• _Instructions for the task_
Nothing in the data should change when you return it, but leave the pictures out.

• _Working data_
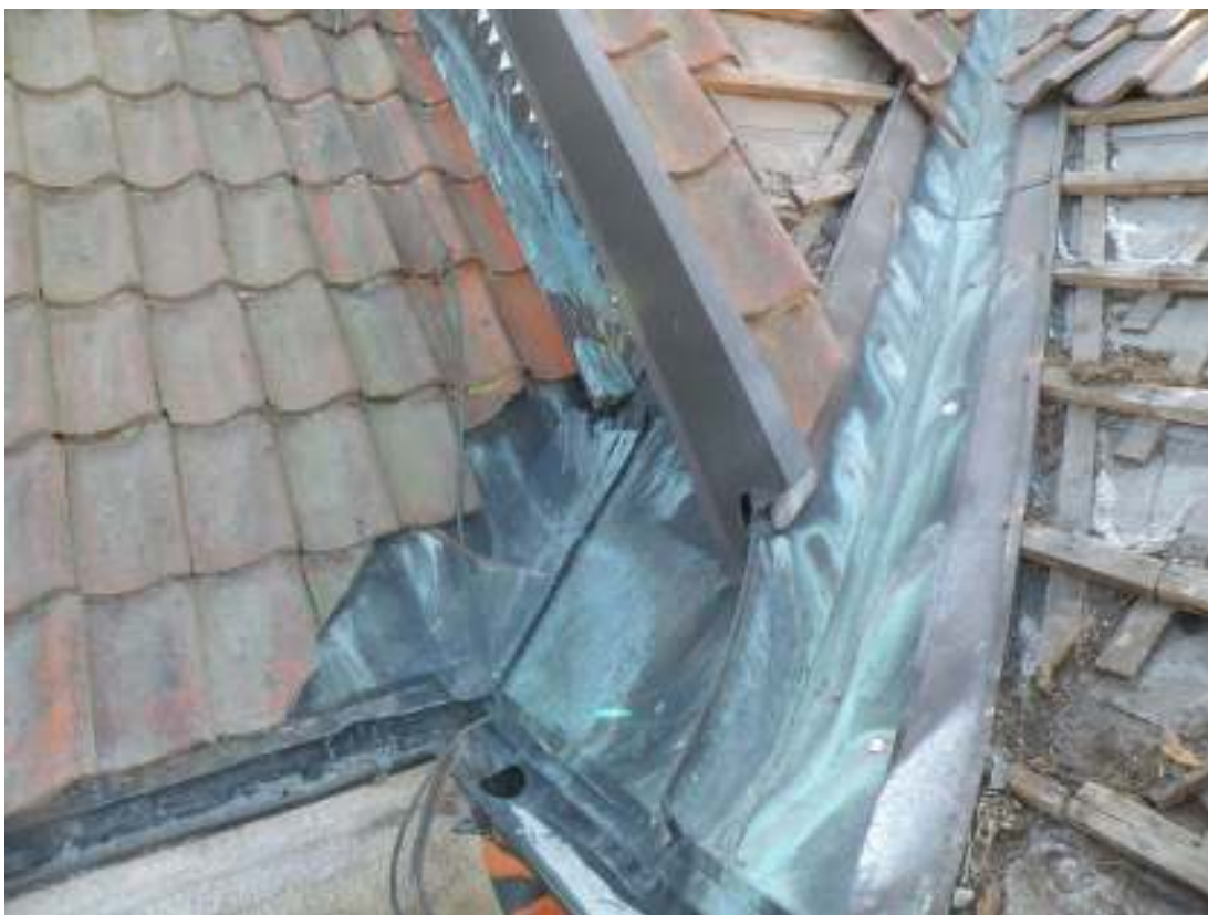
Plåten på kyrkan består i huvudsak av koppar. Här syns vinkelrämmor och ståndplåt där korets nordvästra hörn möter norra korsarmen.
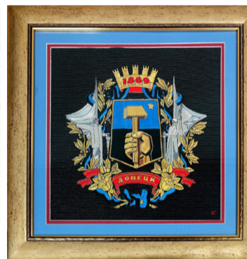
Герб города Донецка.

У нее много званий - член международной Федерации художников, лауреат премии им. Н. Островского, член Союза журналистов России... Ее имя внесено в книги «Лучшие люди России», «Гордость земли Владимирской». Созданная ей студия «Мир красоты», которой она руководила более 10 лет во
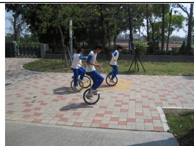
學生下課常騎獨輪車 ，有益視力保健
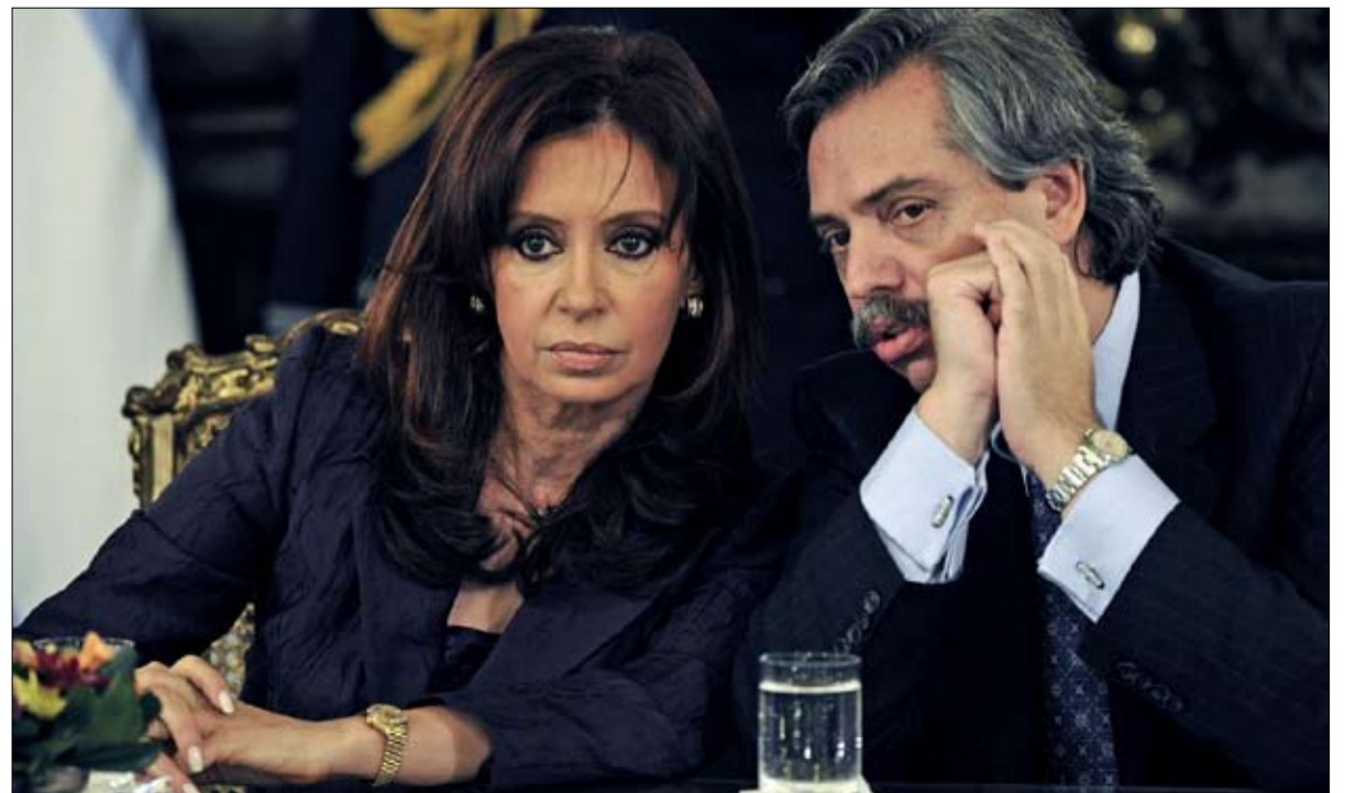
الثنائي البيروني على درب التتويج
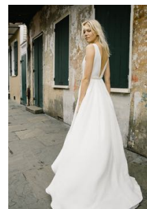
Tahlula Solid Gown
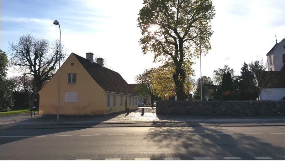
Rytterskolen april 2015

Ryttergodserne skulle sikre soldaterrekrutteringen, og den oplysningsvenlige Kong Frederik den IV fandt det var nødvendigt, at soldaterne kunne læse rimeligt og tælle til tyve. I den ånd blev rytterskolerne bestemt og opført.
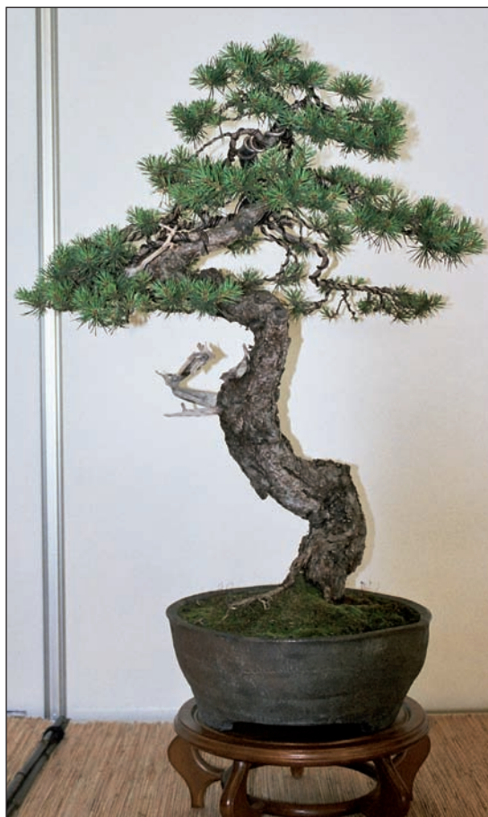
Bonsaj borovice s pokrouceným kmenem v literátském stylu zasazená v kulaté nádobě. Kresba této bonsaje je na str. 8

Pěstování miniaturních dřevin v miskách má dlouholetou tradici. Již před více než dvěma tisíci lety se v Číně používaly k výzdobě interiérů zakrslé dřeviny pěstované v mělkých nádobách. Japonští

• _Response to the exercise_
Plåten på kyrkan består i huvudsak av koppar. Här syns vinkelrämmor och ståndplåt där korets nordvästra hörn möter norra korsarmen.
Герб города Донецка.

У нее много званий - член международной Федерации художников, лауреат премии им. Н. Островского, член Союза журналистов России... Ее имя внесено в книги «Лучшие люди России», «Гордость земли Владимирской». Созданная ей студия «Мир красоты», которой она руководила более 10 лет во
學生下課常騎獨輪車 ，有益視力保健
الثنائي البيروني على درب التتويج
Tahlula Solid Gown
Rytterskolen april 2015

Ryttergodserne skulle sikre soldaterrekrutteringen, og den oplysningsvenlige Kong Frederik den IV fandt det var nødvendigt, at soldaterne kunne læse rimeligt og tælle til tyve. I den ånd blev rytterskolerne bestemt og opført.
Bonsaj borovice s pokrouceným kmenem v literátském stylu zasazená v kulaté nádobě. Kresba této bonsaje je na str. 8

Pěstování miniaturních dřevin v miskách má dlouholetou tradici. Již před více než dvěma tisíci lety se v Číně používaly k výzdobě interiérů zakrslé dřeviny pěstované v mělkých nádobách. Japonští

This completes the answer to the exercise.